You can use the wrapper sqlite_get_table() instead of sqlite_exec()
and thus avoid the callbacks.

Edi.
From: Ng Pheng Siong
Subject: Re: Fast (and I mean fast) DB access from lisp
Date: 
Message-ID: <ako411$gc1$2@mawar.singnet.com.sg>
According to Edi Weitz  <···@agharta.de>:
> ····@vista.netmemetic.com (Ng Pheng Siong) writes:
> > The core API consists of three functions; the application collects
> > database output using a callback. (Which appears to rule out CMUCL,
> > alas.)
> 
> You can use the wrapper sqlite_get_table() instead of sqlite_exec()
> and thus avoid the callbacks.

You're right.
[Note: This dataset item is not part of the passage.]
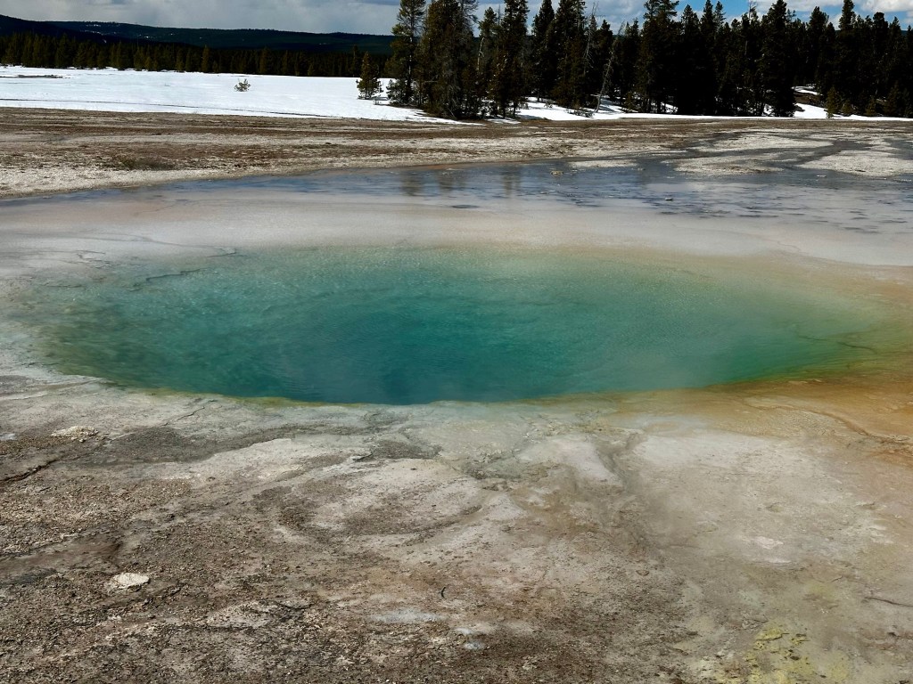 After the geyser we headed back through the park to stop at some of the coloured pools. The Morning Glory basin is the one that is most pictured. We were unfortunately there on a really calm day so we couldn’t really see the pool from all the steam. You can see that there are a bunch of colours, but you’re on a boardwalk that’s not raised, so you can’t really get to see it like the pictures show. You also have to share the walk with people who think its fun to throw things in the pools to see what happens. Sharing nature with people has its drawbacks.

I saw that immediately after I posted. 

Hmmm, USQL with SQLite... 


-- 
Ng Pheng Siong <····@netmemetic.com> * http://www.netmemetic.com
From: Wade Humeniuk
Subject: Re: Fast (and I mean fast) DB access from lisp
Date: 
Message-ID: <j5sb9.20153$rn4.982829@news1.telusplanet.net>
"Alain Picard" <·······················@optushome.com.au> wrote in message
···················@gondolin.local.net...
> The question, finally, is: do I have any reasonable alternatives?
> Does anyone else deal with applications where DB speed is essential?
> How did you resolve it?

If speed is the essential factor you can do away with having a ODBC/SQL database
altogether.  Just have your persitent data always available in your Lisp image, stored in
hash tables or any other data structure you think appropriate.  Just write the data access
routines based on internal storage schemas and tune the hell out of it.  The interprocess
communication between your app and the db is probably the main bottleneck and the simplest
solution is to get rid of it.  Instead of a few hundred transactions per second, think
many thousands.  If the database is not too large add lots of memory.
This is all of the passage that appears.